(Extracted records)
■ ■ ■
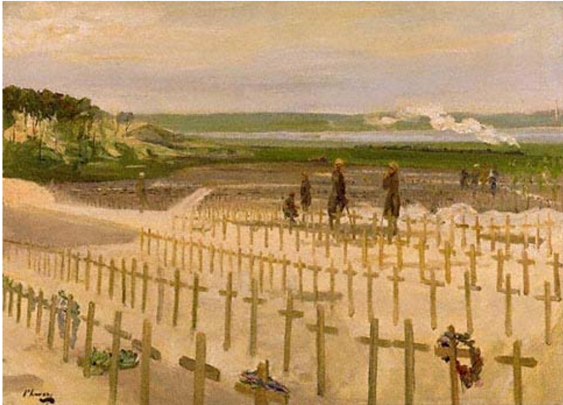
John Lavery, The Cemetery, Etaples , 1919
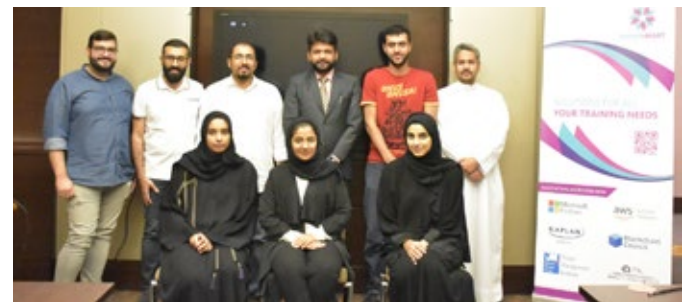
Graduates of the course during a photocall
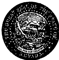
[Signature] ROSS MILLER Secretary of State

IN WITNESS WHEREOF, I have hereunto set my hand and affixed the Great Seal of State, at my office on November 28, 2012.
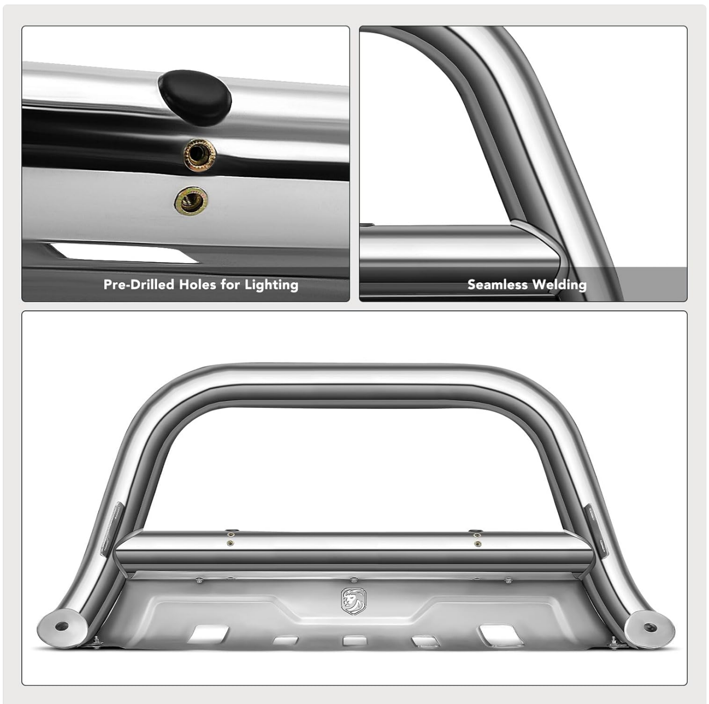
Image 3.4: A close-up view showcasing the pre-drilled holes for auxiliary lighting and the seamless welding, which ensures structural integrity and a smooth appearance.
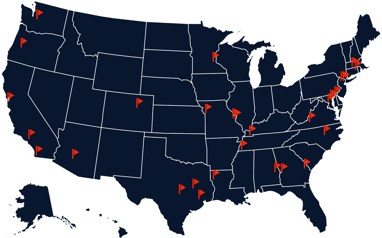
NACC Member Locations in the United States

Amongst the 67 academic nonprofit centers studied, 51 centers were members of the Nonprofit Academic Centers Council (NACC) .
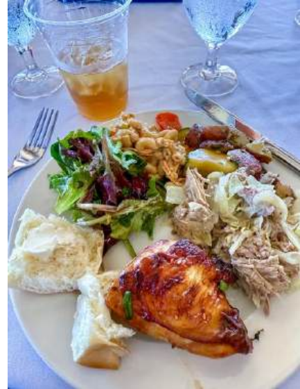
Bali Hai served a fabulous Polynesian-style buffet.
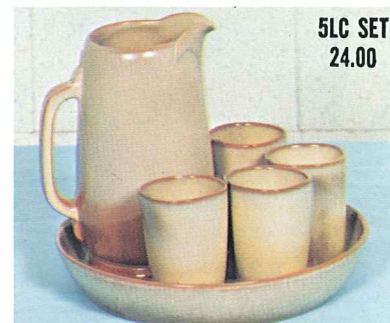
5LC SET 24.00
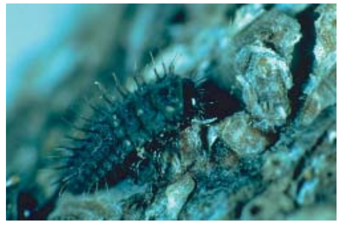
Chilocorus stigma, twicestabbed lady beetle larva. Larvae have spines, and adults are black with two small red spots. This genus commonly attacks armored scale insects. (316)
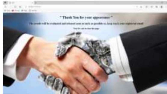
FIG 9.11 Interview Ended Screen
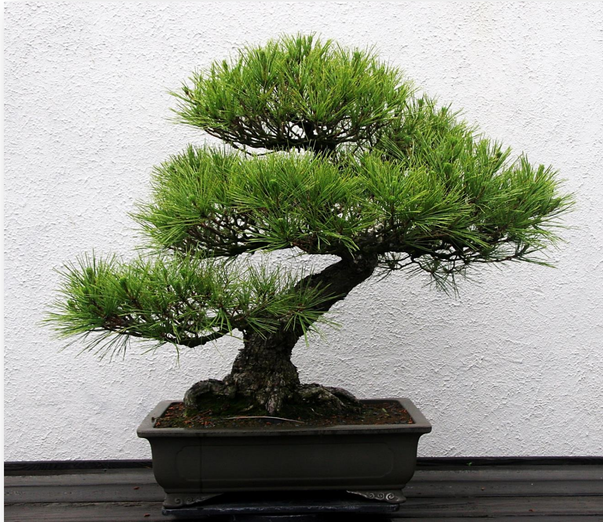
Black pine ( Pinus thunbergii )
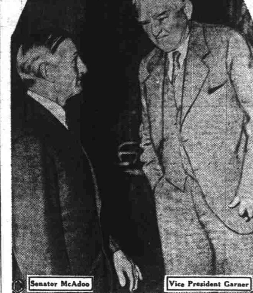
Philadelphia was selected as the site of the national Democratic convention in June when party chieftains met in caucus at Washington where veterans William Gibbs McAdoo, senator from California, and John N. Garner, vice president, were snapped at a conference of their own during a lull in the main business session.
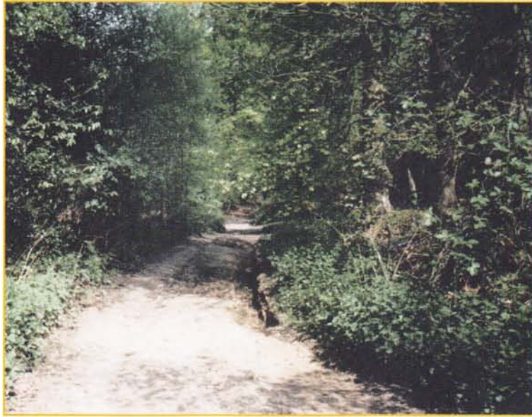
(3) Footpath 30 near the junction with footpath 12
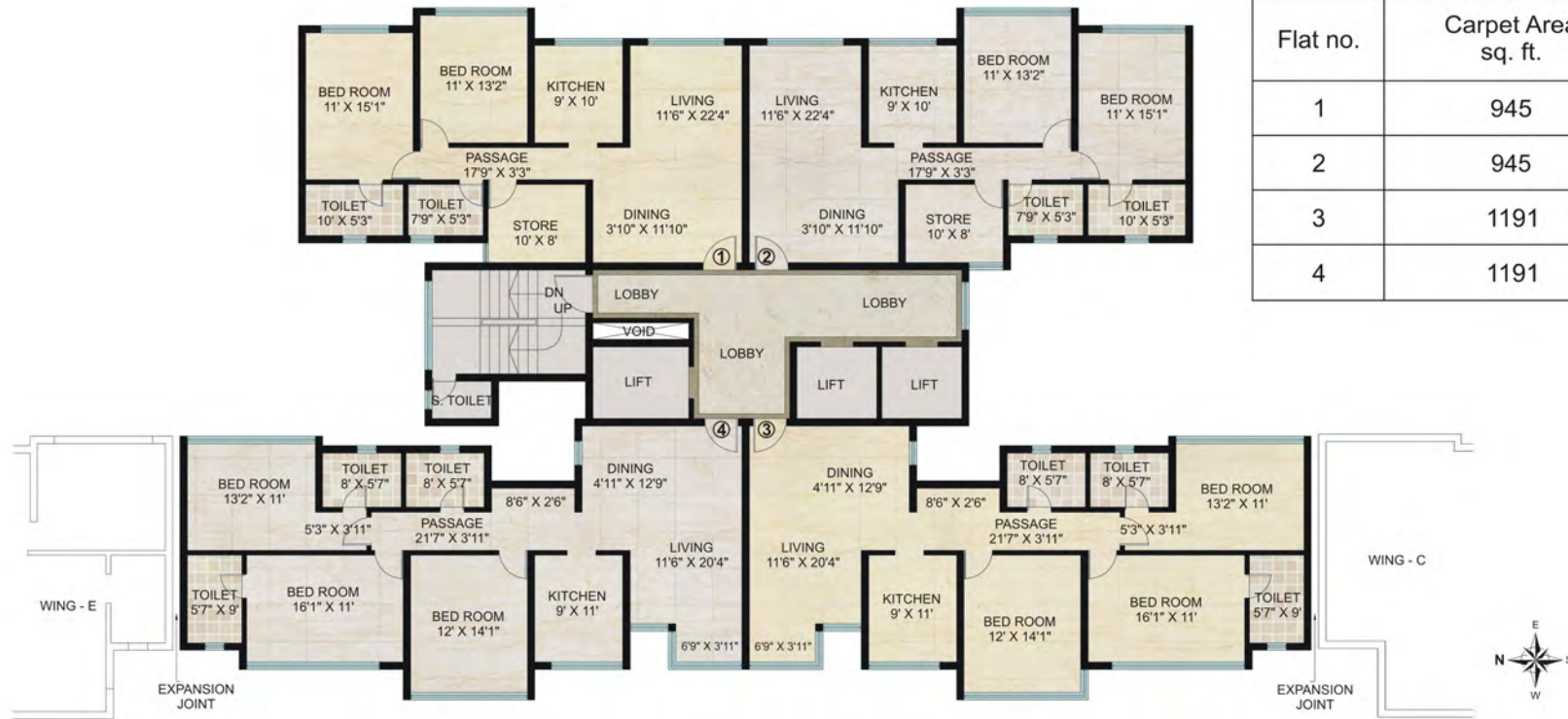
D WING FLOOR PLAN
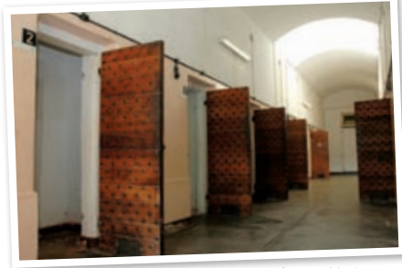
Refractory block 2006 Fremantle Prison Collection

Prisoners who attempted to escape were flogged and locked in solitary confinement on a diet of bread and water. There were 12 punishment cells and six windowless 'dark' cells. Each cell had double chambers with inner and outer doors for added security which also prevented communication between prisoners. The only things the convicts had for company were a toilet bucket, a bed without a mattress, a blanket and a bible.
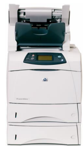
HP LaserJet 4350dtnsl printer
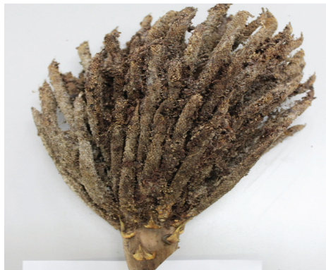
Figure 3b. Post-anthesis oil palm male inflorescence with severe bunch moth infestation.
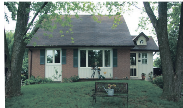
IT'S A CUTIE - INSIDE AND OUT $324,900
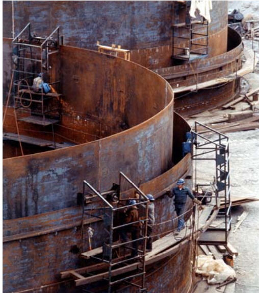
Cleanup of waste tanks at the Hanford Site

While these corrective actions are positive, recent OIG reviews have identified additional improvements that are necessary to ensure that the Department's efforts to implement project management principles are effective. For example, in one of the largest and most important of its environmental remediation projects, the Department is constructing a Waste Treatment Plant at the Hanford Site. The $12.2 billion facility is designed to treat and prepare for disposal of 53 million gallons of radioactive and chemically hazardous waste. Given its classification as a Category II nuclear facility, the Waste Treatment Plant must meet quality assurance standards for nuclear facilities, which significantly exceed those required for commercial facilities. As a result, the design called for the installation of a computerized integrated control network to monitor the operation of a number of key processes of the Plant.
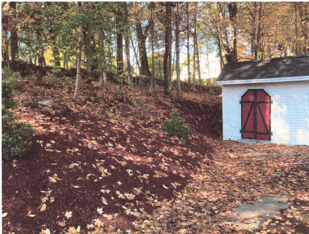
Photo 2 taken by EBT, Inc. on 10/19/2020 – Showing shed moved 11 feet to the west. There is a crushed stone pad to the west of the shed and in front of the shed. The shed is now approximately 6 feet west of the wetland where previously the eastern end of the shed was approximately 6 feet in the wetland.
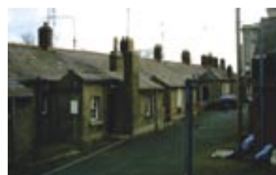
Harbour Cottages, Front Elevations.
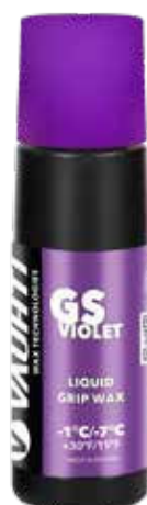
341-LGSV GS VIOLET - liquid grip wax -1/-7°C | 30/19°F

Durable all temp liquid base wax. Use as base for all other grip waxes.
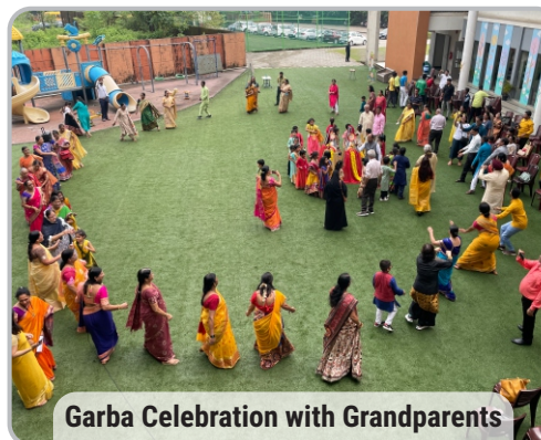
Garba Celebration with Grandparents
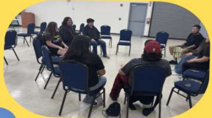
Teen Night Hand Games
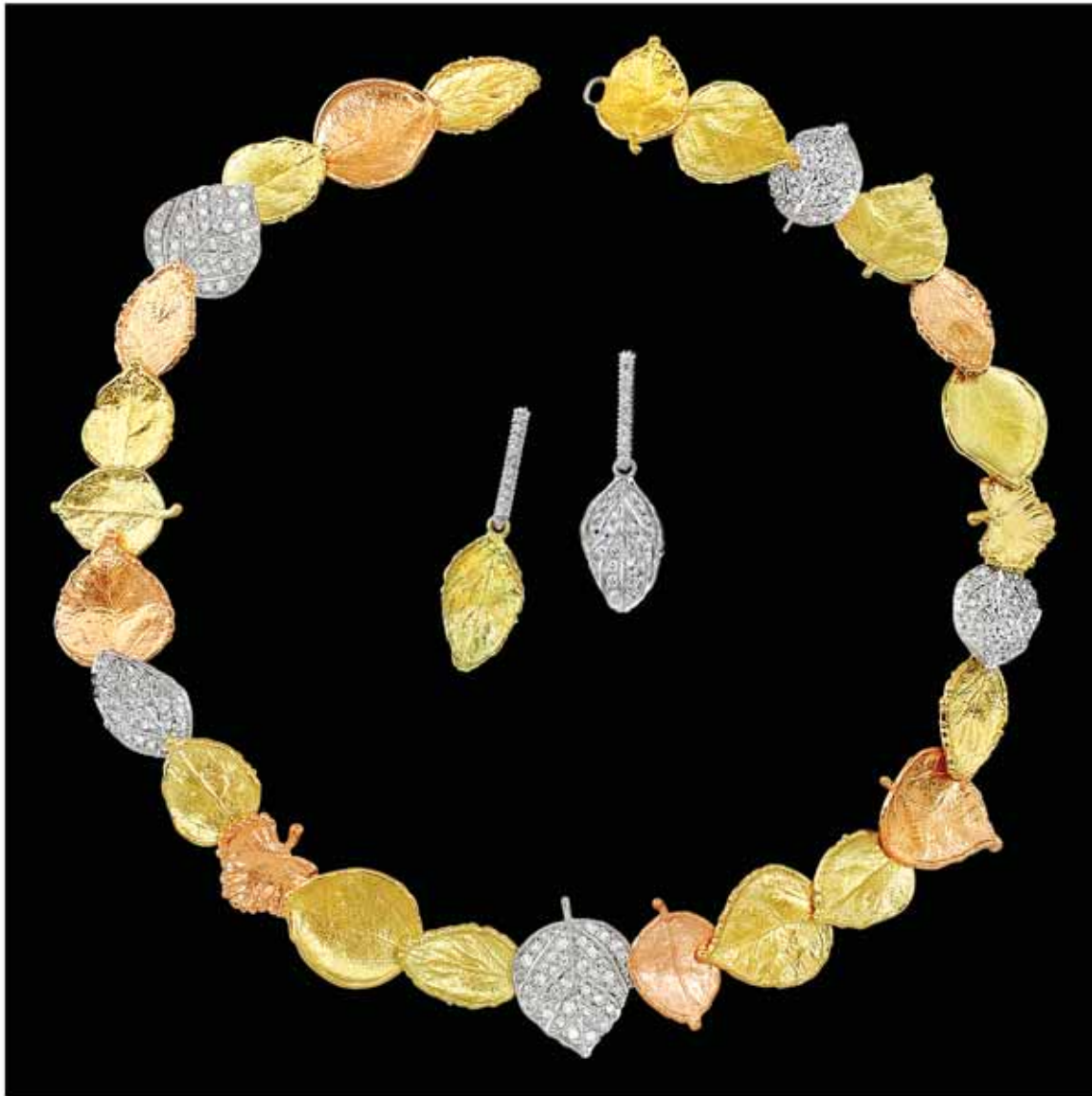
Aspen and Brier leaf necklaces and earrings in four colors of gold, with or without diamonds
■ ■ ■
**PROBLEM DESCRIPTION**
Scan the data above for the word "NACC" and report every line where it is found.

**WRITTEN ANSWER**
NACC Member Locations in the United States
Amongst the 67 academic nonprofit centers studied, 51 centers were members of the Nonprofit Academic Centers Council (NACC) .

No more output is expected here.